Data shown:
━━━━

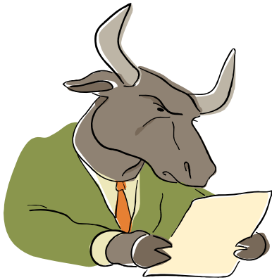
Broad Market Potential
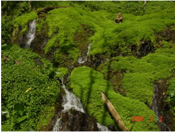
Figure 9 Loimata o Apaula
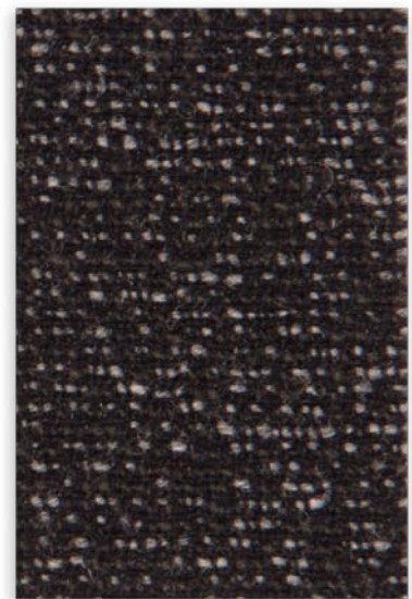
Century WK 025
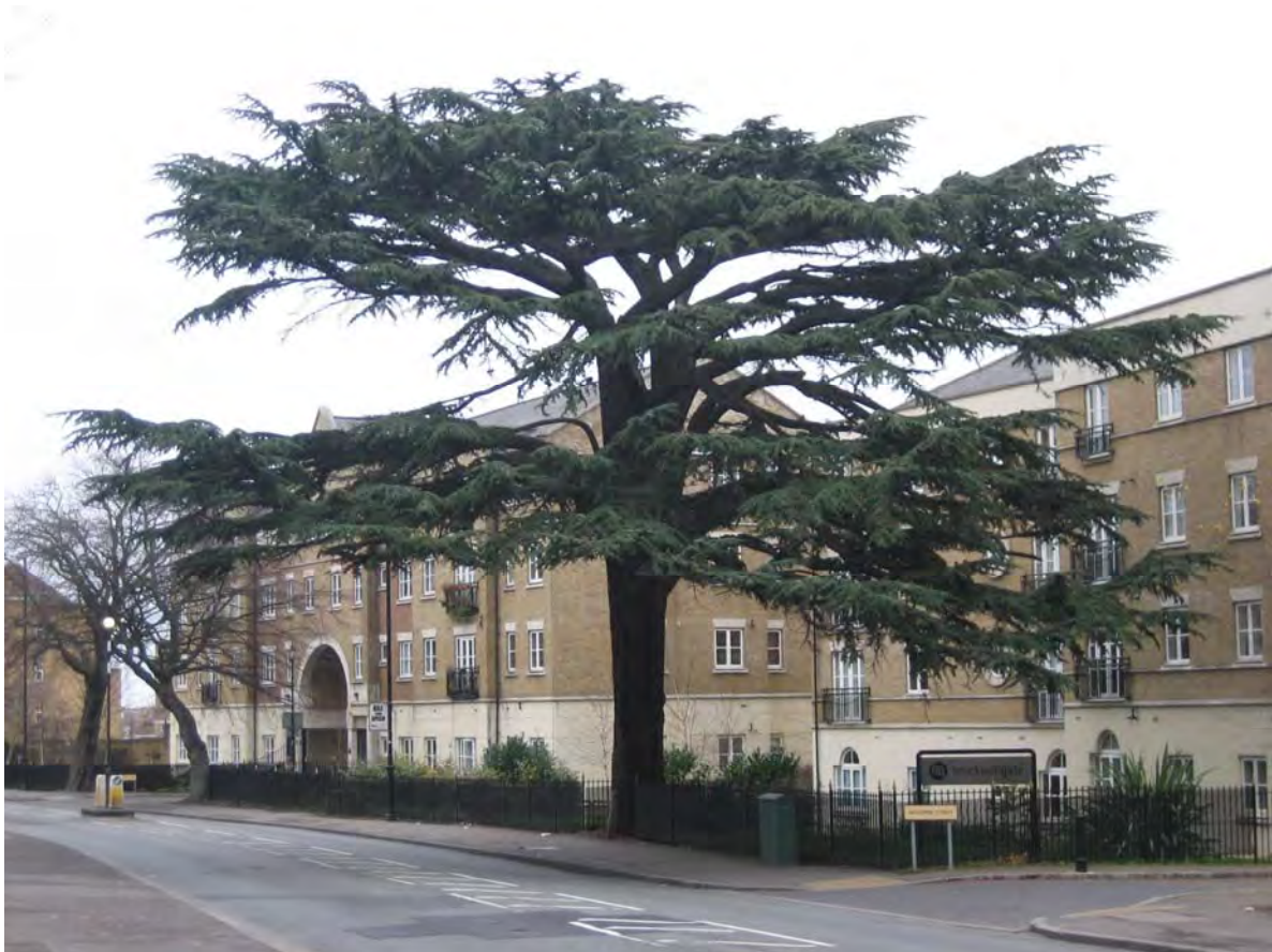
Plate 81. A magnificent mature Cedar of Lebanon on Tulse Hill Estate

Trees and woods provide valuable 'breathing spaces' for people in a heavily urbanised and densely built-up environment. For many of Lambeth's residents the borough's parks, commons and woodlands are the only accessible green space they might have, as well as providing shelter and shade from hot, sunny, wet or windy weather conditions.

━━━━

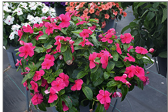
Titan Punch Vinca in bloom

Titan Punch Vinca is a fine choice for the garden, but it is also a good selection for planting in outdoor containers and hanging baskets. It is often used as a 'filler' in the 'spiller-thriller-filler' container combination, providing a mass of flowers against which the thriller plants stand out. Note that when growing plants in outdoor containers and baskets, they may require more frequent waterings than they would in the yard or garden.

━━━━

What to do: What are the lines above from the one with "Broad Market Potential" to the one with "Trees and woods", both included? Reproduce them exactly, without pictures.

Solution for this exercise:
Broad Market Potential
Figure 9 Loimata o Apaula
Century WK 025
Plate 81. A magnificent mature Cedar of Lebanon on Tulse Hill Estate

Trees and woods provide valuable 'breathing spaces' for people in a heavily urbanised and densely built-up environment. For many of Lambeth's residents the borough's parks, commons and woodlands are the only accessible green space they might have, as well as providing shelter and shade from hot, sunny, wet or windy weather conditions.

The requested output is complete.